Her life was constricted by many decisions that were made for her. Stated in the text, “In Ethan Frome, as in much of her fiction, the writer unconsciously recreated camouflaged incidents and circumstances of her life in order to express, without guilt feelings, her relationships with her parents was a conscious act”(Asya 24). Wharton’s inability to express her feelings and thoughts, built up her guilty conscious that her questions and thoughts were wrong. It is evident that she has endured a large amount of restriction but disappointment and abandonment from her mother was also a huge factor. Wharton’s realistic enactment of the relationships she desired was a conscious act. Although she was aware of her resentment created by her family life, Wharton was unaware that it was compelled in her writing.

Referring to an article written by Elizabeth Ammons, Wharton’s description of Zeena concludes the idea that her mother is Zeena’s character exactly. Ethan fantasizes Zeena’s death in hope for freedom. Stated in the text, “Poverty and a succession of insane, dependent women prohibit his ever having the liberty to follow his aspiration” (Ammons 153). Zeena was a dependent women who constricted him from following his desires. Similar to Wharton’s conclusion on her mother, she constricted her from many experiences throughout her life. Both Ethan and Wharton were “prisoners” for life because of Zeena and her own mother. Lucretia’s consistent rejection and abandonment repressed her dreams and aspirations in life.

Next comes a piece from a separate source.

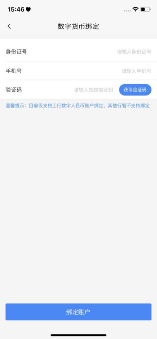 3、手机号输入框需要输入绑定且已开通工行数字人民币的手机号(1.未绑定工行手机号不可成功绑定账户,2.绑定工行,未开通数字货币手机号不可成功绑定账户,3.已经和APP绑定数字货币的手机号不可再次进行绑定)

According to Ammons, Wharton’s fear of maternal rejection was portrayed through each women figure in Ethan Frome. Stated in the text, “First Ethan’s mother abandons his needs; then Zeena, his mother’s replacement, does the same” (Ammons 155). Although Mattie is not a mother figure, her abandonment transforms Wharton’s fear to all female abandonment. Reverting back to Ammons proposal of Zeena, Wharton describes Zeena as witchlike. Ammons states, “Witchlike Zenobia Frome, a terrifying and repulsive figure archetypally, is in social terms not at all mysterious: it is a commonplace of scholarship about the persecutions of witches, that many of them were ordinary women bent and twisted by the conditions of their lives as women, their isolation and powerlessness” (Ammons 157).

Similarly to Wharton’s mother, Zeena was an evil person who portrays her own isolation onto other people. Wharton’s characters presented clear characteristics based on her own life and the interactions she had with her mother. Many critics cannot seem to grasp the true meaning behind Edith Wharton’s novel Ethan Frome. Many who read this novel seem to be mesmerized by the idea that this novel is a product of Wharton’s imagination. Stated in the Cynthia Griffin Wolff excerpt, “Ethan Frome is no more than a figment of the narrator’s imagination” (130). Wolff believes that her novel does not recount any experience that the narrator has gone through. Stated in the text, “Ethan Frome is nothing more than a dream vision” (Wolff 131).

Perhaps it’s a dream vision of a better life. A better life with her mother that she longed to have. It is difficult for a reader to depict a story that ultimately is not present on paper. It is also understandable to say that her experiences are in fact portrayed in the text, but between the lines. Concluding the analysis of Ethan Frome, it is critical to understand that Wharton’s life was an important aspect in writing this novel. Edith Wharton’s novel is centered primarily around the life of her own and her unconscious mind. The unconscious mind takes over the conscious when writing her work, without even realizing it. Due to her lack of unconscious control, Ethan Frome would not allow for the reader to connect the relationship she had with her mother and the life of Ethan, Mattie, and Zeena.